- [Problem details]: Nothing in the copy should be a picture; everything else in the listing is to be restated exactly.

-----

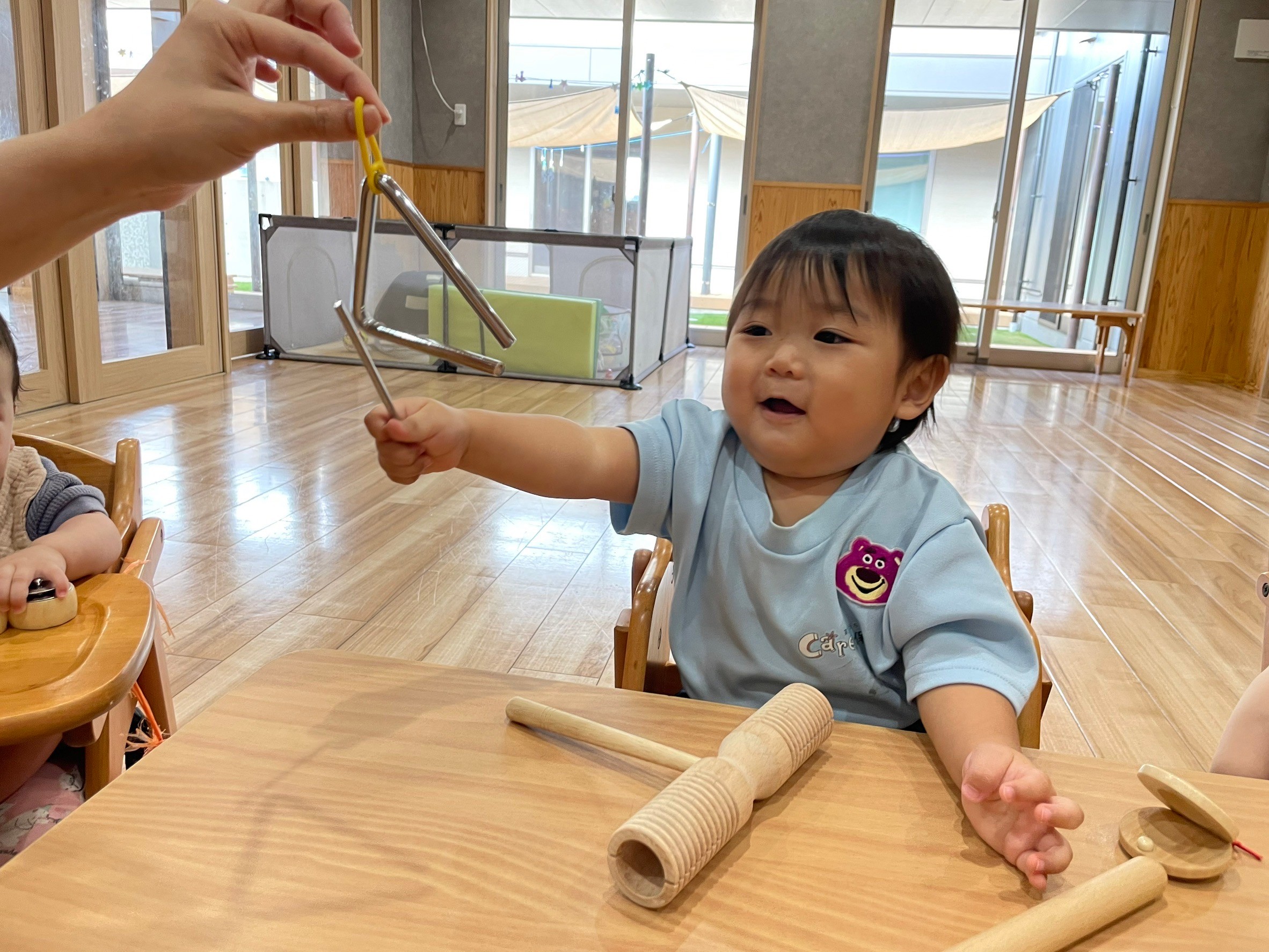 タンブリンやマラカス、鈴を保育者の真似をして鳴らしてみましたよ💕
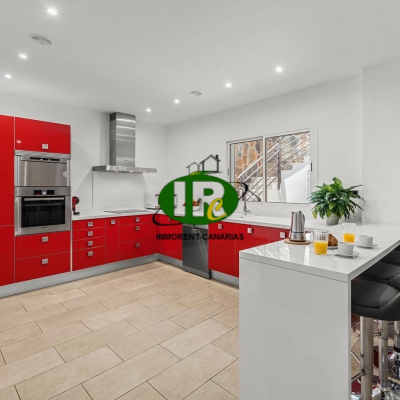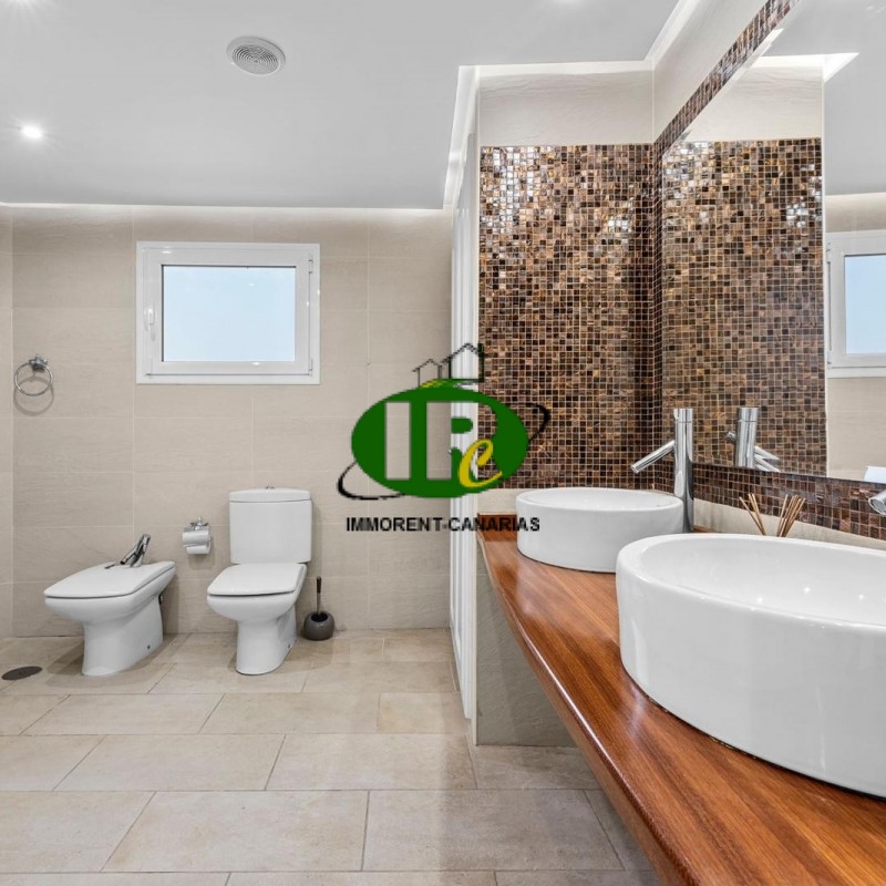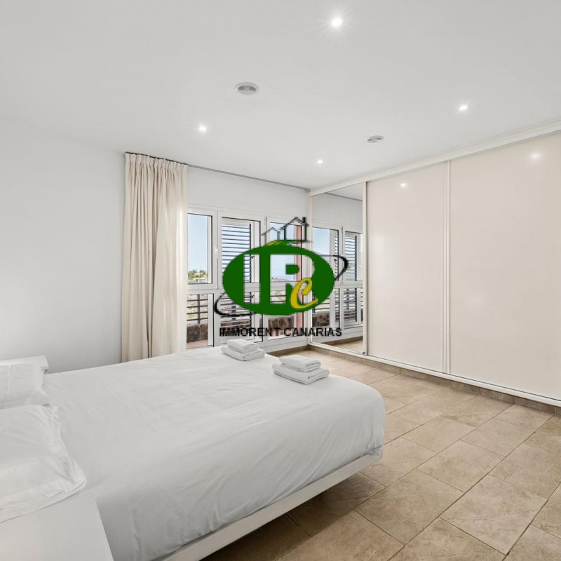 Prachtige, zeer ruime twee-onder-een-kapwoning. Met 3 slaapkamers, 3 badkamers, een groot terras en balkons. Zeezicht. Entree via een trap. Eén parkeerplaats binnen. Buiten, in de hal voor de entree, vindt u de wasmachine, droger en een kast voor schoonmaakspullen, enz. Vanuit de hal komt u in een zeer ruime open keuken. Deze is voorzien van een keramische kookplaat, vaatwasser, oven, magnetron en een grote Amerikaanse koelkast. Naast de keuken is een grote extra kamer met zeer grote kasten voor opbergruimte. Ontbijtbar. Vanuit de hal heeft u toegang tot de drie slaapkamers. De eerste slaapkamer is ongemeubileerd, maar de eigenaar kan op verzoek extra bedden plaatsen. De kamer kan ook voor andere doeleinden worden gebruikt zonder bedden. De tweede slaapkamer heeft een grote kledingkast, een bureau en toegang tot het balkon. Er is een doucheruimte met een bidet en een raam. De derde slaapkamer heeft een tweepersoonsbed, een grote kledingkast, een tv, toegang tot het balkon en een en-suite badkamer. De tweede badkamer heeft twee wastafels, een douche en een raam.
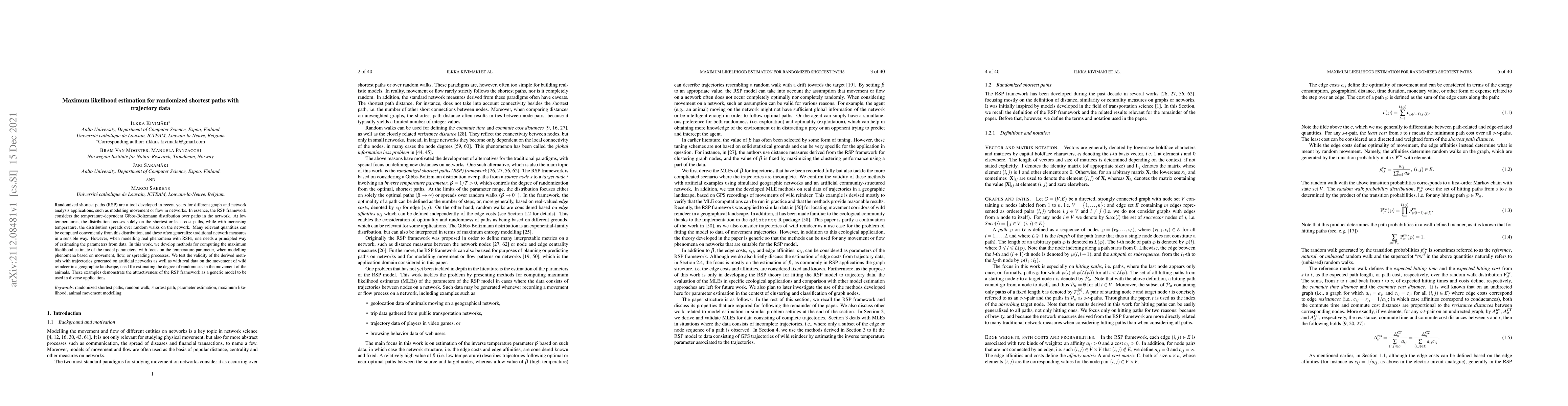 This research develops methods for computing the maximum likelihood estimate (MLE) of model parameters in the randomized shortest paths (RSP) framework, focusing on the temperature parameter β, for modeling phenomena like movement, flow, or spreading processes in networks.
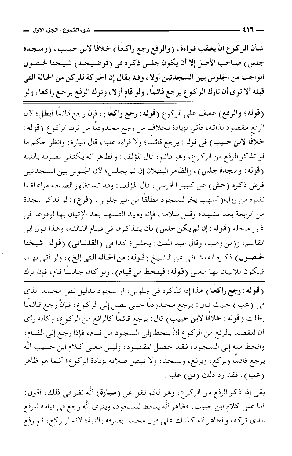 شأن الركوع أن يعقب قراءة، (والرفع رجع راكعًا) خلافًا لابن حبيب، (وسجدة جلس) صاحب الأصل إلا أن يكون جلس ذكره فى (توضيحه) شيخنا لحصول الواجب من الجلوس بين السجدتين أولا، وقد يقال إن الحركة للركن من الحالة التى قبله ألا ترى أن تارك الركوع يرجع قائمًا، ولو قام أولا، وترك الرفع يرجع راكعًا، ولو
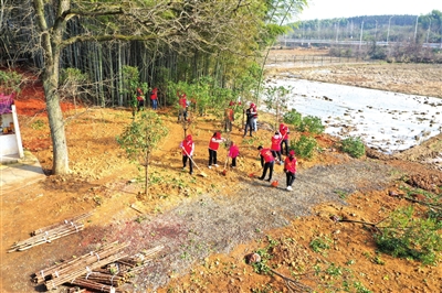 植桂添香,绿满咸安。3月7日,在官埠桥镇张公庙村11组山枣陈村湾、石子岭村13组,房前屋后,红旗飘扬,以咸安区林业局志愿服务队牵头,官埠桥镇多支志愿队配合的义务“植桂添香”活动正火热进行,200余名志愿者三五成群围成一组,或扶桂花树,或挥锹铲土,或踩土压实,一株株桂花树站列成行,2公里环形乡村道路顿成亮丽的风景。

-----

- [Completed exercise]:
 タンブリンやマラカス、鈴を保育者の真似をして鳴らしてみましたよ💕
 Prachtige, zeer ruime twee-onder-een-kapwoning. Met 3 slaapkamers, 3 badkamers, een groot terras en balkons. Zeezicht. Entree via een trap. Eén parkeerplaats binnen. Buiten, in de hal voor de entree, vindt u de wasmachine, droger en een kast voor schoonmaakspullen, enz. Vanuit de hal komt u in een zeer ruime open keuken. Deze is voorzien van een keramische kookplaat, vaatwasser, oven, magnetron en een grote Amerikaanse koelkast. Naast de keuken is een grote extra kamer met zeer grote kasten voor opbergruimte. Ontbijtbar. Vanuit de hal heeft u toegang tot de drie slaapkamers. De eerste slaapkamer is ongemeubileerd, maar de eigenaar kan op verzoek extra bedden plaatsen. De kamer kan ook voor andere doeleinden worden gebruikt zonder bedden. De tweede slaapkamer heeft een grote kledingkast, een bureau en toegang tot het balkon. Er is een doucheruimte met een bidet en een raam. De derde slaapkamer heeft een tweepersoonsbed, een grote kledingkast, een tv, toegang tot het balkon en een en-suite badkamer. De tweede badkamer heeft twee wastafels, een douche en een raam.
 This research develops methods for computing the maximum likelihood estimate (MLE) of model parameters in the randomized shortest paths (RSP) framework, focusing on the temperature parameter β, for modeling phenomena like movement, flow, or spreading processes in networks.
 شأن الركوع أن يعقب قراءة، (والرفع رجع راكعًا) خلافًا لابن حبيب، (وسجدة جلس) صاحب الأصل إلا أن يكون جلس ذكره فى (توضيحه) شيخنا لحصول الواجب من الجلوس بين السجدتين أولا، وقد يقال إن الحركة للركن من الحالة التى قبله ألا ترى أن تارك الركوع يرجع قائمًا، ولو قام أولا، وترك الرفع يرجع راكعًا، ولو
 植桂添香,绿满咸安。3月7日,在官埠桥镇张公庙村11组山枣陈村湾、石子岭村13组,房前屋后,红旗飘扬,以咸安区林业局志愿服务队牵头,官埠桥镇多支志愿队配合的义务“植桂添香”活动正火热进行,200余名志愿者三五成群围成一组,或扶桂花树,或挥锹铲土,或踩土压实,一株株桂花树站列成行,2公里环形乡村道路顿成亮丽的风景。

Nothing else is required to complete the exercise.